Unidentified Analyst: Hi, guys. This is Michael on for Joe. So earlier, you had mentioned commentary regarding orders and specific markets. Can you just provide like a high level, maybe book-to-bill on a consolidated basis for the quarter? Or any color there?
Craig Lampo: About earlier that our book-to-bill was 0.95:1 for the quarter. Operator do we have another question.
Operator: Our next caller is Steven Fox with Fox Advisors. You may go ahead.
Steven Fox: Hi, good afternoon. I guess broadly speaking, the latest round of acquisitions were around sensors, antennas and assemblies I was just curious, like, Adam, your updated thoughts on your M&A focus by technology, especially in the context of what looks like gross margins that are now at the 33% level. I guess some of these products have lower gross margins, some have higher. I don’t know if there’s a mix impact that’s influencing the gross margin now with the M&A. But just broadly speaking, when you — the general buckets of technology that you look at, what is your thinking of what you’ve done and where you need to go now? Thanks.
Adam Norwitt: Well, thanks very much, Steve. Yes. I mean, look, in the quarter, we acquired companies who make sensors, antennas, cable and cable assemblies and really high-technology cable actually that has really great value for its customers. And we continue to see acquisition opportunities across really all of our interconnect products from discrete connectors to cable assembly, value-add, complex value-add interconnect products sensors, complex sensor interconnect assemblies, antennas and the like. And we’re really pleased to continue to find companies across all of those products.
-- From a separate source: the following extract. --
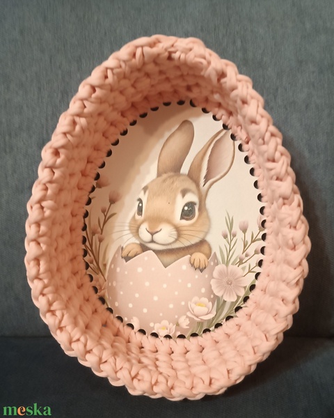 Nyuszi mintás , tojás alakú horgolt kosár Húsvétra

I wouldn’t tell you that we think so much about gross margin by product. We see great margin opportunities as you know. And Craig has said it so many times, we’re very much focused on operating margins.
And yes, I mean, some of these companies do operate below our corporate average, not all of them, by the way, but some of them do. And I think we — that doesn’t relate at all to their product type. We don’t believe that there is a correlation between whether someone makes a connector, a sensor and antenna a cable or a cable assembly that, that is necessarily going to put them in a certain bucket of profit potential. We actually see great profit potential for all companies. And that’s one of the ways we screen for acquisitions. I mean we’re not going to buy a company if we don’t see the long-term potential for that company to elevate its profitability to at or above our corporate average. Now, we do have industry-leading margins and so most of the companies that we do acquire tend to be lower than we are.
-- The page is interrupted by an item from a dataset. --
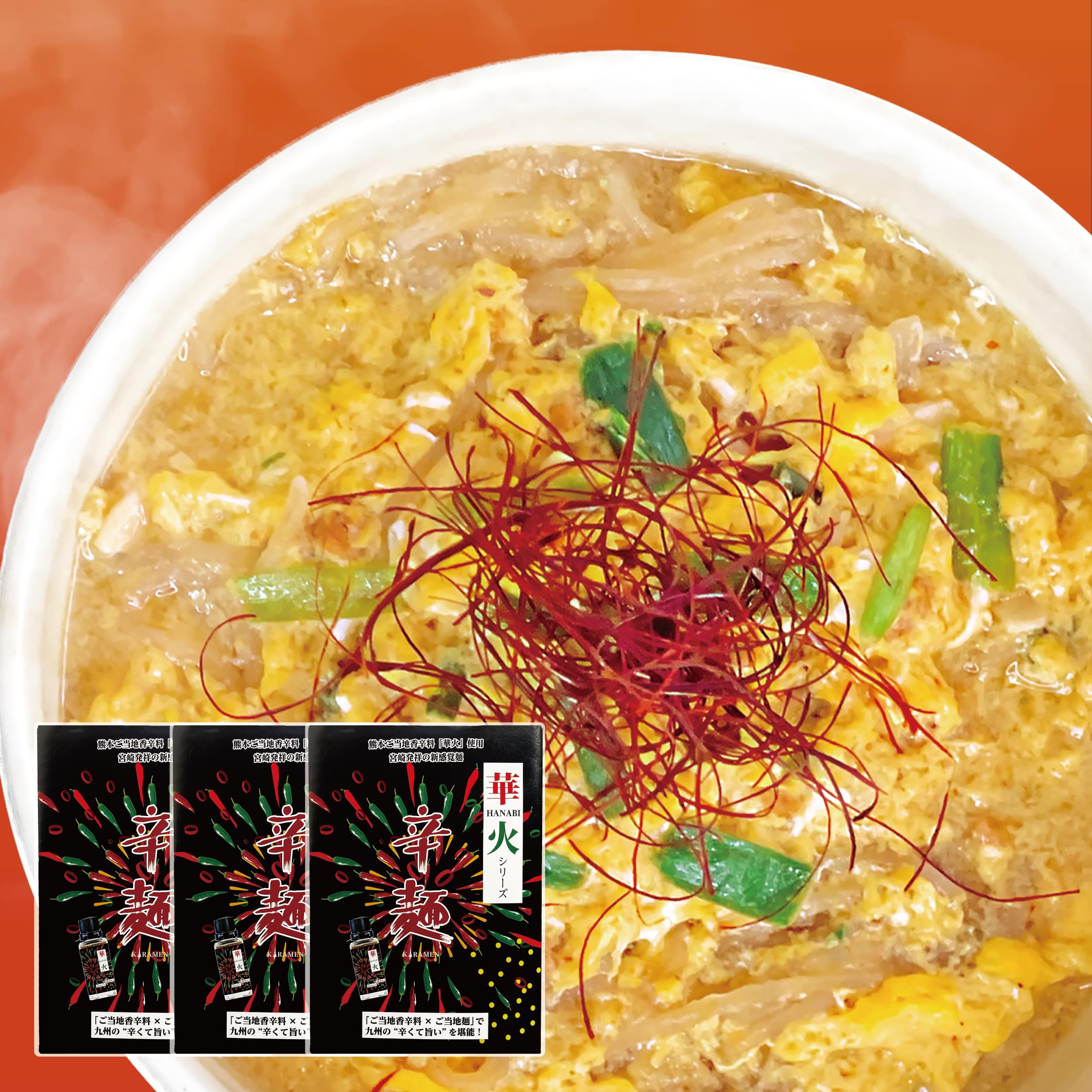 商品名:【3袋セット】からみ 九州唐辛子「華火」使用 辛麺142g(麺80g スープ54g かやく5g 華火0.3g×2)宮崎辛麺 国産 唐辛子 青唐辛子 半生麺 華火 ラーメン (3)

And then it’s our job and their job becoming part of the Amphenol family to bring those margins up over time. But it’s really not at all correlated to the type of products that they sell.
Operator: And our last question comes from Matt Sheerin with Stifel. You may go ahead.
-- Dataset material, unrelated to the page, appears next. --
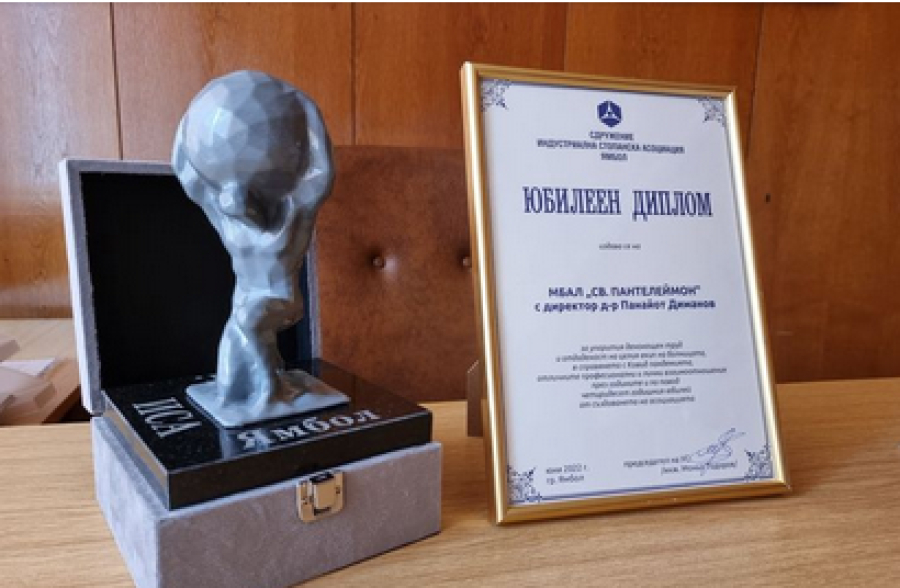 Сряда, 22 Юни 2022 18:33МБАЛ „Св. Пантелеймон“ получи отличие от Индустриалната стопанска асоциация (ИСА) в Ямбол. Областната болница бе удостоена с юбилейна пластика и грамота на тържественото отбелязване на 40 години от създаването на Асоциацията.

Matt Sheerin: Yes. Thank you. Good afternoon. Adam, in your commentary on mobile devices, you mentioned that tablets and notebook PCs continue to be weak. But we are hearing some chatter about expectations for a potential refresh PC refresh cycle playing out in the next year or two. So wondering if you have any visibility into that? And can you give us a sense of the content opportunity for Amphenol within notebooks, particularly in the next-generation so-called AI-enabled PCs?
Adam Norwitt: Great. Thanks so much, Matt. Look, I hope what you say is the case. We certainly hope that there is a refresh. Look, I think we’ve talked about this year and even a little bit last year, that the strength that we’ve seen in phones this year, which was more than offset, in particular, by things like laptops and tablets. It had to do with the clear fact that during the pandemic and when everybody went to work from home and study from home, there was an enormous rush to buy new devices, which caused a surge and really kind of upset the normal replacement cycle of those products. And so I guess that one could expect that if everybody bought a bunch of stuff in 2020 and 2021 and if those things tend to last three, four, five years, that eventually you would hope to see a little bit of a refresh.